Thanks for any answers,
Steven
 
Charlie,
I've been reading this thread for awhile and watching your comments about your streaming system and software trials. I have a question about the latency problems you keep running up against. If you were only using a single pair of speakers and they were receiving streaming audio from a WiFi source would you expect this type of problem with clock drift? I'm working on a design for a self powered speakers that will use both WiFi and Bluetooth receivers and am very curious about this situation if someone was to use the speakers with a HT type of setup for movies and such. I don't think with just music you would probably ever notice an issue but once you bring in video syn perhaps then this can become a problem.

Thanks for any answers,
Steven
With a single client (e.g. same client sends audio to a pair of loudspeakers) you would never notice anything. The drift is at most a few tens of milliseconds over hours. My system has a separate client for each loudspeaker, or subwoofer, in the system, and I can have multiple systems. For that reason getting each client to be closely in sync is important because in a pair of loudspeaker if one is a few milliseconds different than the other in playback you can notice it pretty easily, even if the drift is very slow.

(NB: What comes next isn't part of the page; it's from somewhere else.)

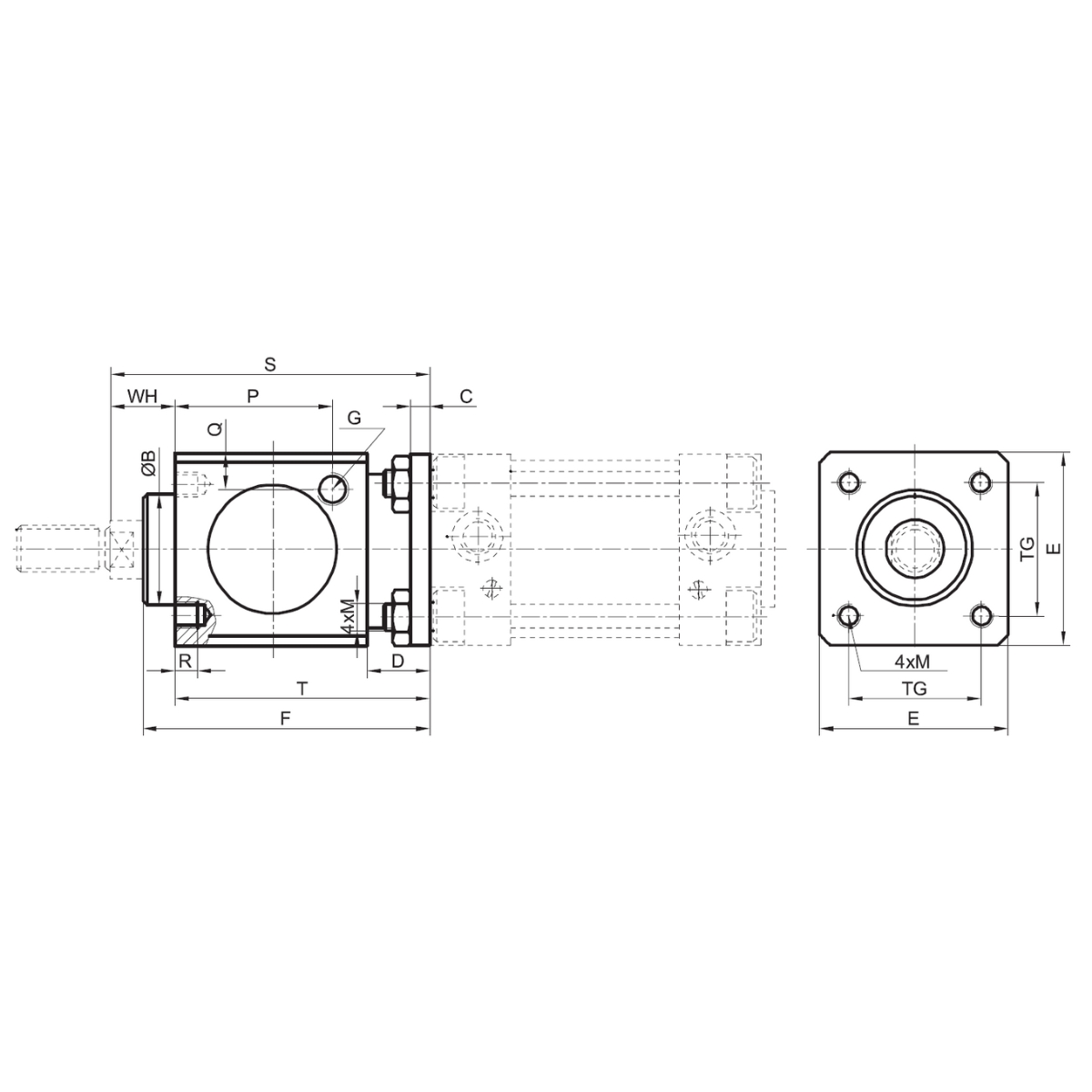 - Siłowniki z wydłużonym tłoczyskiem do montażu blokady tłoczyska i blokady [AB]

Please note that latency is not the problem for me - I have no problems with moderate amounts of latency, in fact there is probably 300-500 msec of latency in my system depending on how much buffering I want to use. Latency and synchronization are two different things. You can have everything delayed by 1 second (latency) and have perfect synchronization - you would only notice when you stop, start, or change the playback, volume, etc. Those changes would be delayed by 1 second. If the delay is unchanging over time you can simply delay video/audio to match. On the other hand, you can also have very low average latency (low delay) but different playback clients are out of sync. For audio this becomes a big problem and you can eventually get effects like echo if the synchronization reaches a couple of hundred milliseconds.

There are many different ways to stream audio to a single client:
Bluetooth
Airplay/DLNA
SSH
RTSP/RTP
HTTP
etc.
When you have multiple clients things become a lot more complicated.